## Your task
Begin with the line below holding "仕掛けですが、カメラの下に釣り堀専用仕掛けをつけます。" and go on through the line holding "2,3限目には津幡警察署の方", duplicating each line exactly and leaving out pictures.

━━ Records provided

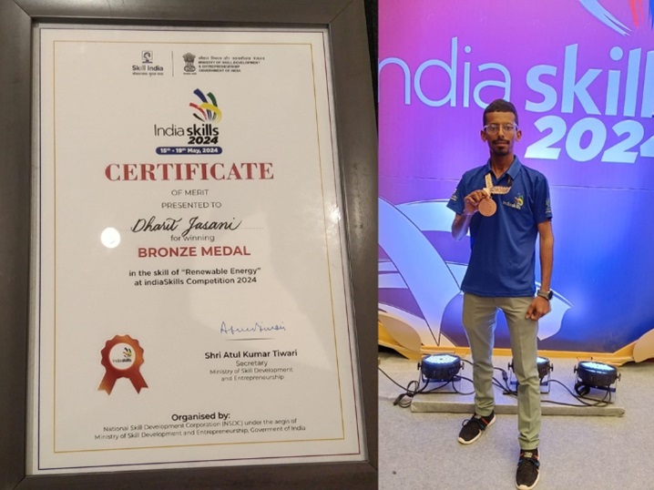 ભારતના યુવાઓની કલ્પનાશક્તિ તથા દક્ષતામાં વધારો થાય તેમજ યુવાઓને કૌશલ્ય ક્ષેત્રે નવી ઉડાન મળે એવા આશયથી દર બે વર્ષે ઇન્ડિયા લેવલે India Skills સ્પર્ધાનું આયોજન કરવામાં આવે છે. તાજેતરમાં નવી દિલ્હી ખાતે યોજાયેલ ‘India skills-૨૦૨૪’ સ્પર્ધામાં મજુરાગેટ આઈ.ટી.આઈ.માં અભ્યાસ કરતા સોલાર ટેકનિશીયન ટ્રેડના તાલીમાર્થી ધારિત જસાણીએ સુપરવાઈઝર ઈન્સ્ટ્રકટર શ્રી જી.કે.જરીવાલાના માર્ગદર્શન હેઠળ રિન્યુએબલ એનર્જી સ્કીલ સ્પર્ધામાં ભાગ લઈ સમગ્ર દેશમાં ત્રીજો ક્રમ પ્રાપ્ત કરી બ્રોન્ઝ મેડલ મેળવી સુરત સહિત સમગ્ર રાજ્યનું નામ રોશન કર્યું છે.
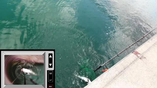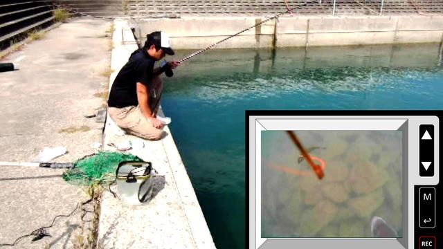 仕掛けですが、カメラの下に釣り堀専用仕掛けをつけます。
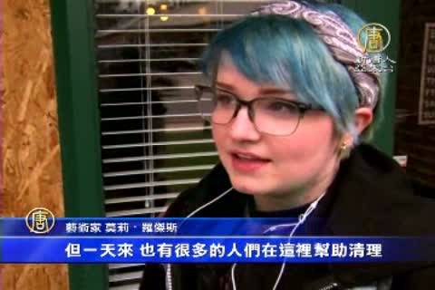 藝術家莫莉‧羅傑斯:「很多人都目睹了示威造成的大量破壞。但一天來,也有很多的人們在這裡幫助清理,大家在一起,彼此關愛。」
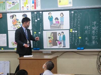 2,3限目には津幡警察署の方に来校していただき、2,5年生がピュアキッズスクールを行いました。2限目に2年生が「人のものをとる」ことについて考えました。3限目には5年生が「いじめ」について考えました。いずれの行為も「犯罪」であり、当事者はもちろん、周りの人たちも悲しい気持ちになる行為であることを学びました。津幡警察署の方も大海っ子の聞く姿勢や反応の良さに感心していました。
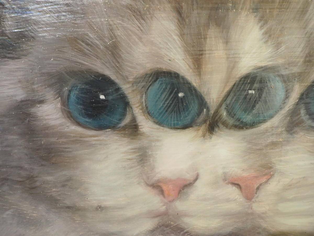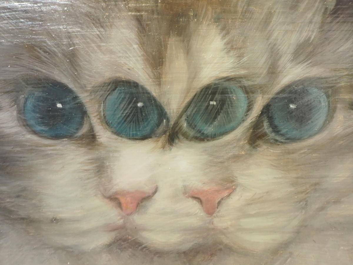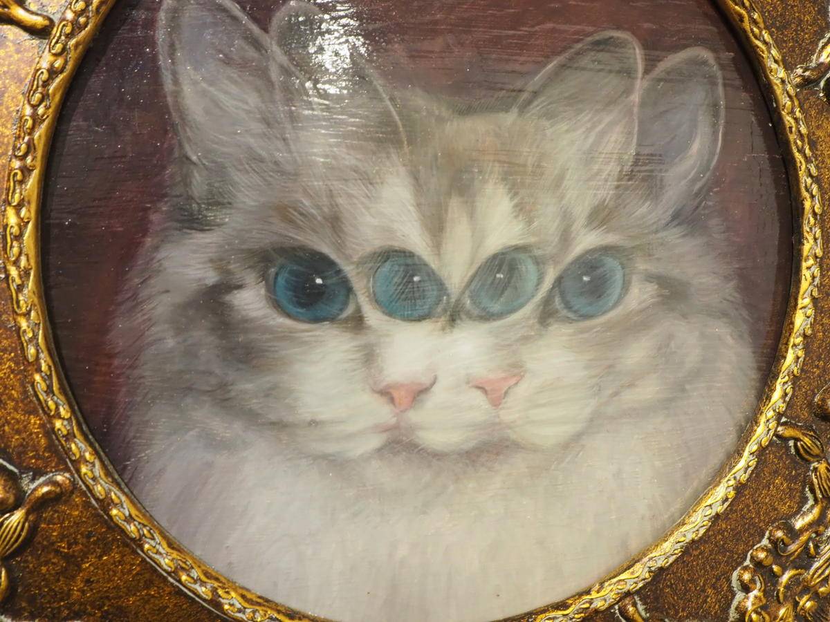 画中的猫是我养的一只母布偶猫。 每天面对它们, 当我在高度焦虑紧张的状态时转而进入一种恍惚迷离的状态, 导致看到猫重叠的效果 ,从而进入一个惑瞳虚幻的世界。 通过我的幻想和现实的差距 ,我需要用视觉效果来感受我我与宠物之间的那种孤独感、 无力感以及游离于主流之外的边缘感。“现代人”在难以把控的人际关系中颠沛流离 ,心若死灰, 对亲密关系只能敬而远之。 所以猫作为一种“亲人”避免了现实中关系的冲突于断裂 。猫的一生的“灵魂”只有主人。 纯粹而简单信任 承诺、陪伴、和关怀。恰恰满足了现代人对情感较为强烈的占有、控制和支配权。
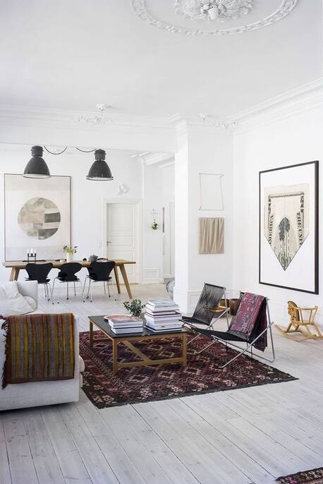 Dos: Ein Teppich kann den Raum optisch zusammenhalten und die Verbindung zwischen Sofa und Beistelltisch oder weiteren Sitzmöbeln darstellen. Wer andererseits zum Beispiel einen offenen Wohn-Essbereich hat, kann mit einem Teppich unter Tisch und Stühlen für eine visuelle Abgrenzung sorgen. Die gemusterten Perser am besten zu unifarbenen Möbeln kombinieren und nur mit Accessoires wie Kissen weitere, farbliche Akzente setzen.
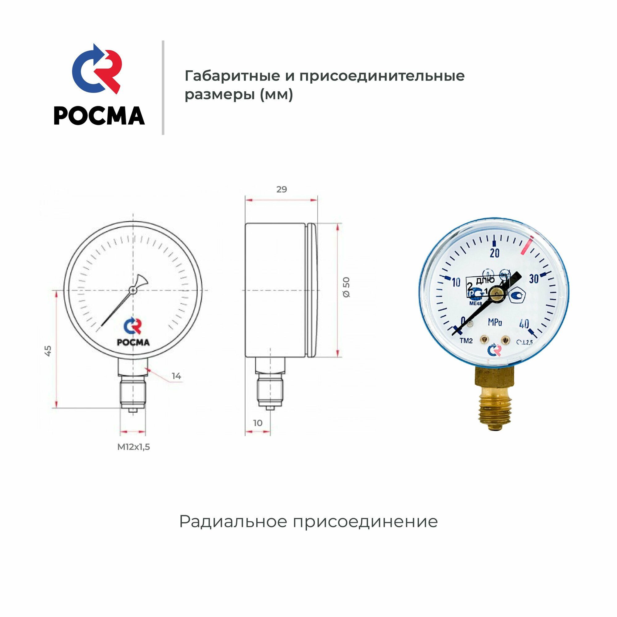 Манометр ТМ-210P.00(0-40 MРа)М12х1,5 класс точности 2,5 диаметр 50 мм. информация:
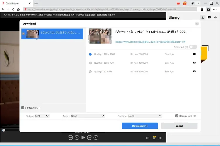 Once you have started playing back the target FANZA video, there will be a download icon at the bottom right corner, by clicking which you could let CleverGet FANZA Downloader parse the video URL. If CleverGet FANZA Downloader successfully parses the video, it will pop up a "Download" interface with all available download options in different quality/resolution, frame rates and sizes. Choose the one you want to download, decide the output format, subtitle and audio track if available in independent file, and then click the blue "Download" button to start downloading FANZA videos.
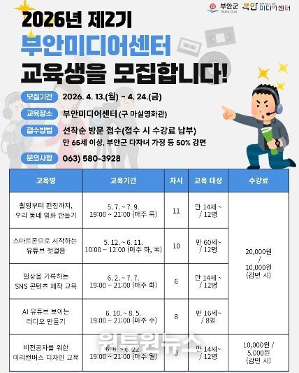 (원투원뉴스) 부안미디어센터는 군민의 미디어 활용 역량 강화를 위해 2026년 제2기 미디어 교육 교육생을 모집한다고 밝혔다.
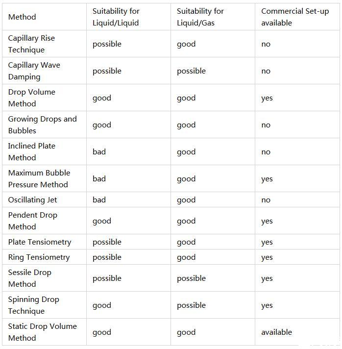 有些方法基于動力學原理,因此適合測量張力隨時間的變化。其他方法是靜態或準靜態方法,也產生動態張力,但也允許接近液體界面的平衡狀態,因此能夠測量平衡張力。動態方法需要考慮動態特性的數據解釋理論,而靜態方法的數據更容易理解。
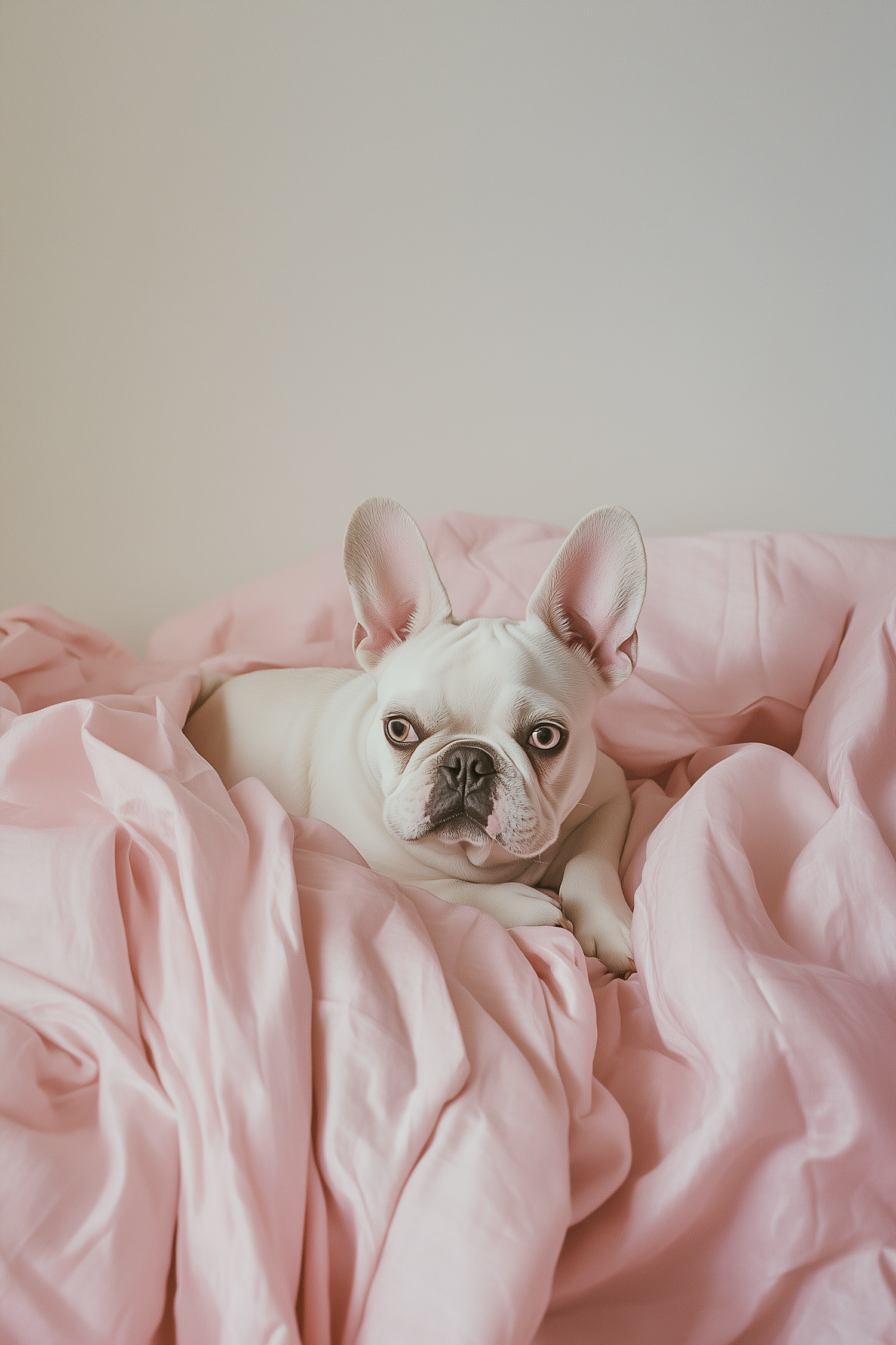 Adorable white French Bulldog resting on soft pink sheets, creating a cozy and inviting scene.

━━━━

## Response
 仕掛けですが、カメラの下に釣り堀専用仕掛けをつけます。
 藝術家莫莉‧羅傑斯:「很多人都目睹了示威造成的大量破壞。但一天來,也有很多的人們在這裡幫助清理,大家在一起,彼此關愛。」
 2,3限目には津幡警察署の方に来校していただき、2,5年生がピュアキッズスクールを行いました。2限目に2年生が「人のものをとる」ことについて考えました。3限目には5年生が「いじめ」について考えました。いずれの行為も「犯罪」であり、当事者はもちろん、周りの人たちも悲しい気持ちになる行為であることを学びました。津幡警察署の方も大海っ子の聞く姿勢や反応の良さに感心していました。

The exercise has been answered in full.